Probabilistic life prediction of aircraft turbine disks requires the modeling of multiple complex random phenomena. The aim of the present paper is to develop a framework for probabilistic low cycle fatigue (LCF) life prediction using Bayes' theorem and to quantify the uncertainty of material properties, total inputs and model uncertainty resulting from creation of different deterministic models within a LCF regime. Further, based on experimental data of the turbine disk material (GH4133) tested at various temperatures, the capabilities of proposed probabilistic LCF life prediction framework are verified using four models (the viscosity-based model, generalized damage parameter, Smith-Watson-Topper (SWT) and plastic strain energy density (PSED)). Through updating the input parameters with new data, this probabilistic framework provides more valuable information for assessing the life of structures or materials, showing that the predicted distributions of fatigue life agree well with the experimental results. The results show that the viscosity-based model and the SWT model yield more satisfactory probabilistic life prediction results for GH4133 under different temperatures than the generalized damage parameter and PSED ones.

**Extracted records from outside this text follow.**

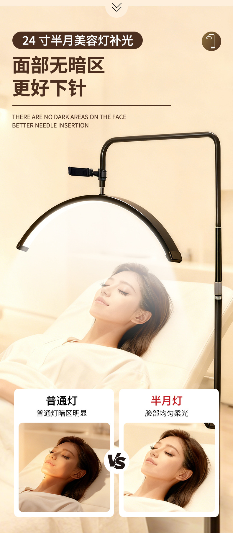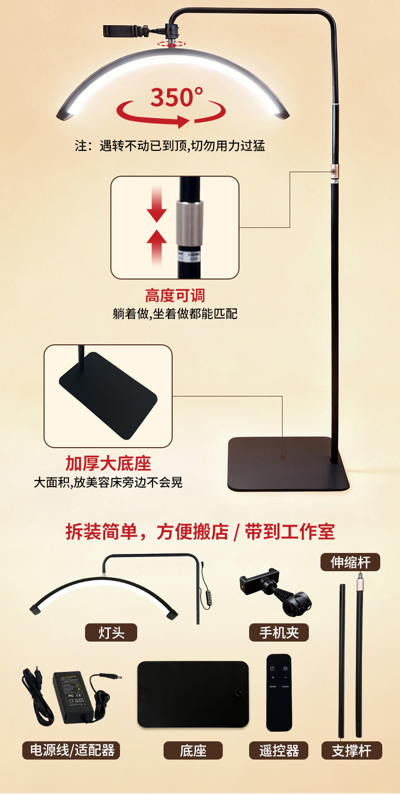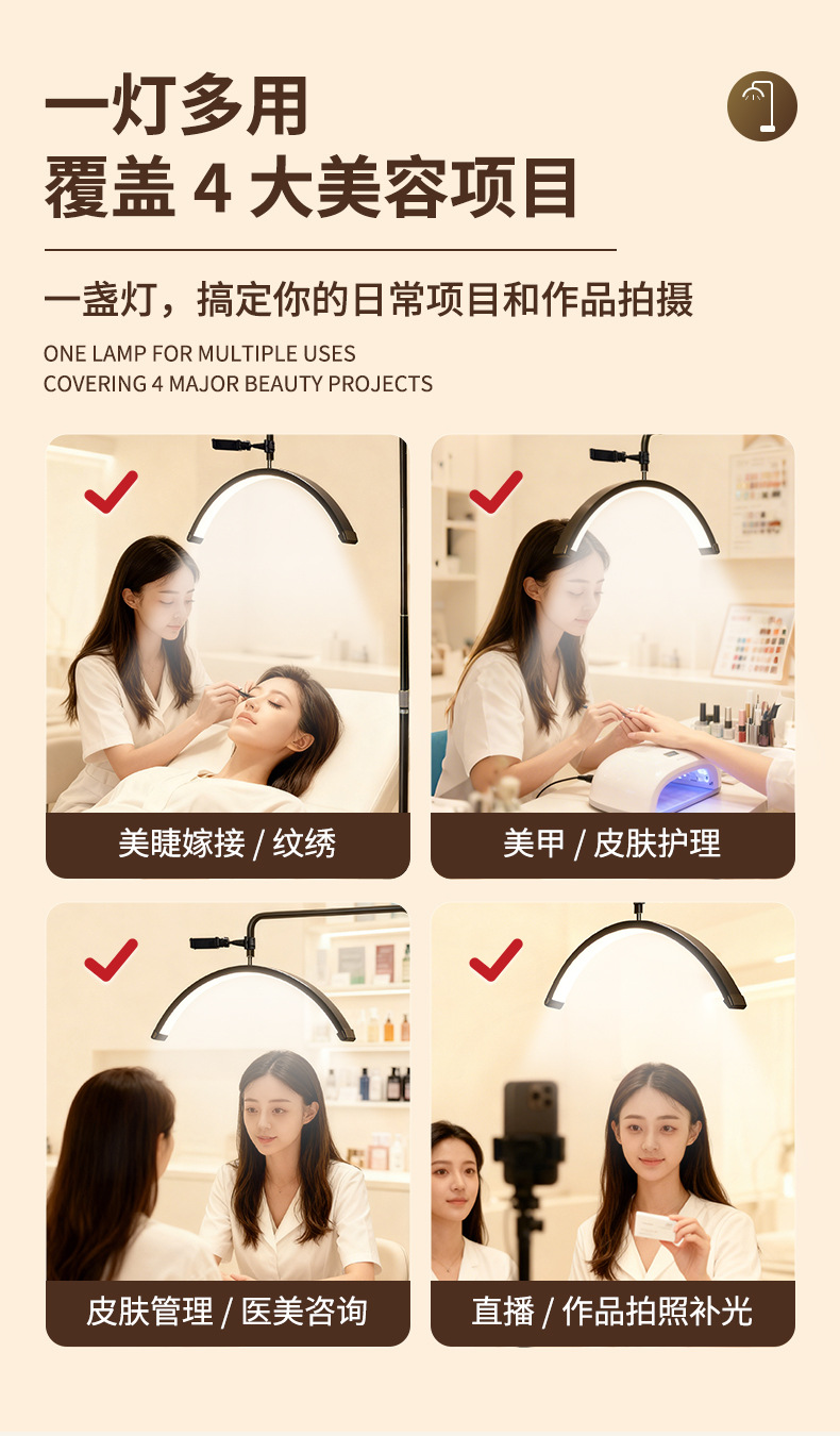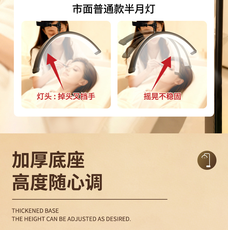 跨境半月美睫专用灯美甲灯U型半月美容纹眉绣落地24寸补光灯36W
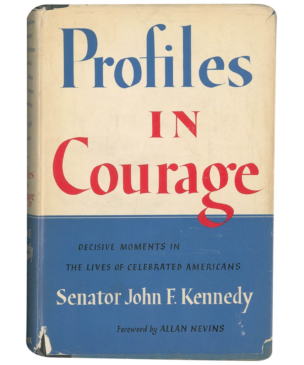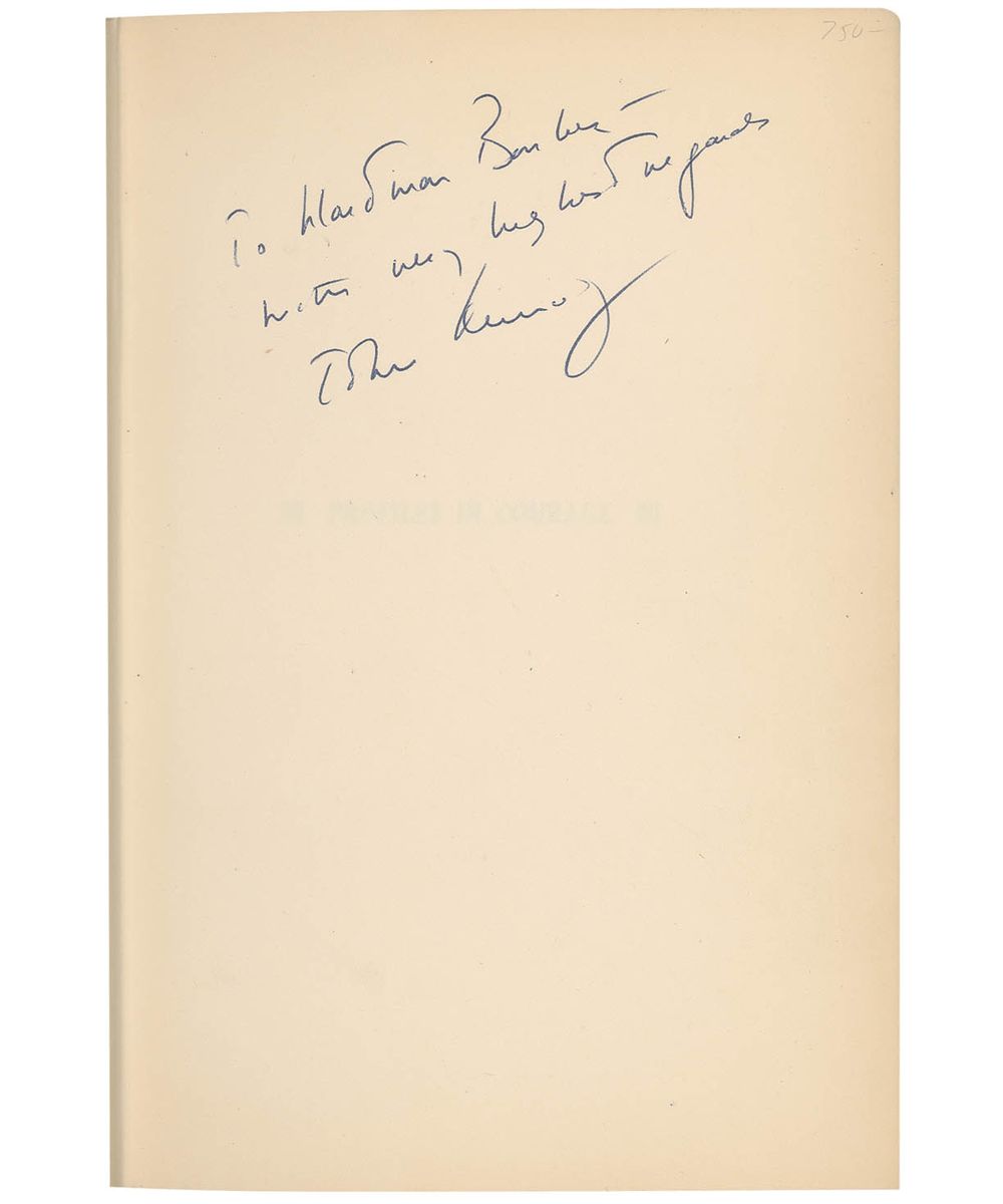 Signed book: Profiles in Courage. Later printing. NY: Harper and Brothers, 1956. Hardcover with dustjacket, 5.75 x 8.5, 266 pages. Signed and inscribed on the first free end page, “To Wardman Barber—with my highest regards, John Kennedy.” In fine condition, with a small pencil notation to signed page, as well as some mild edge toning.
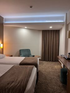 Malam ini, kami menginap di Richmond Pamukkale Thermal Resort. Lokasinya tidak jauh dari Cotton Castle. Hotelnya bagus banget dan ada kolam renang air panasnya. Tapi tidak sempat mencoba berenang karena sampai hotel sudah malam dan pagi-pagi checkout melanjutkan perjalanan ke Istanbul. Kami dinner dan lunch di hotel ini, pilihannya banyak, ada nasi, pizza, salad hingga berbagai macam jenis baklava.
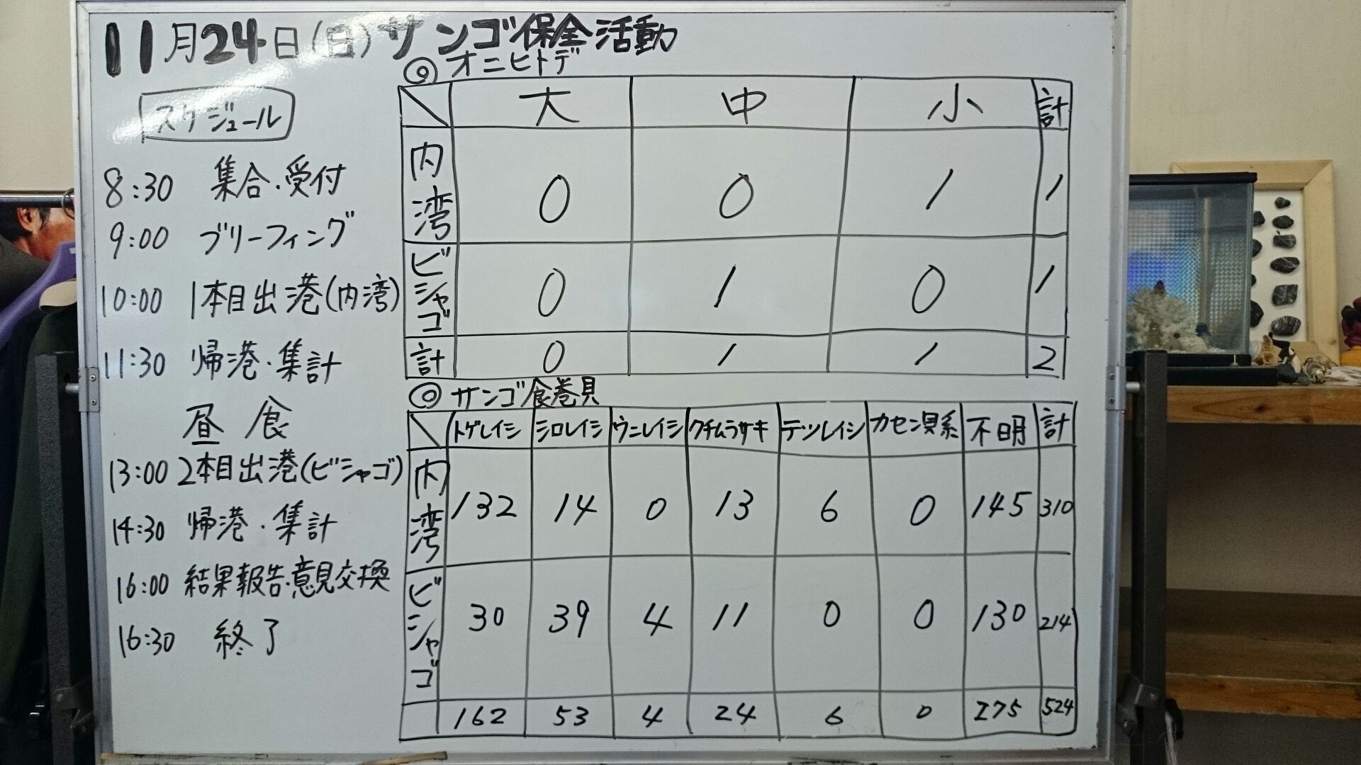 オニヒトデもサンゴ食貝もかなり数が減っております

机译:飞机涡轮机磁盘的概率预测需要多种复杂随机现象的建模。本文的目的是利用贝叶斯定理制定概率概率低周期疲劳(LCF)寿命预测的框架,并通过在LCF制度内创建不同确定性模型的不同确定模型产生的材料特性,总输入和模型不确定性的不确定性。此外,基于在各种温度测试的涡轮盘材料(GH4133)的实验数据,使用四种模型(基于粘度的模型,广义损伤参数,史密斯 - Watson-Topper()验证了所提出的概率LCF寿命预测框架的能力。 SWT)和塑料应变能量密度(PSED))。通过使用新数据更新输入参数,该概率框架提供了更多有价值的信息,用于评估结构或材料的寿命,表明预测的疲劳生活分布与实验结果很好。结果表明,基于粘度的模型和SWT模型在不同温度下的GH4133比广义损伤参数和PSED损伤的不同温度下的概率寿命预测结果更加令人满意。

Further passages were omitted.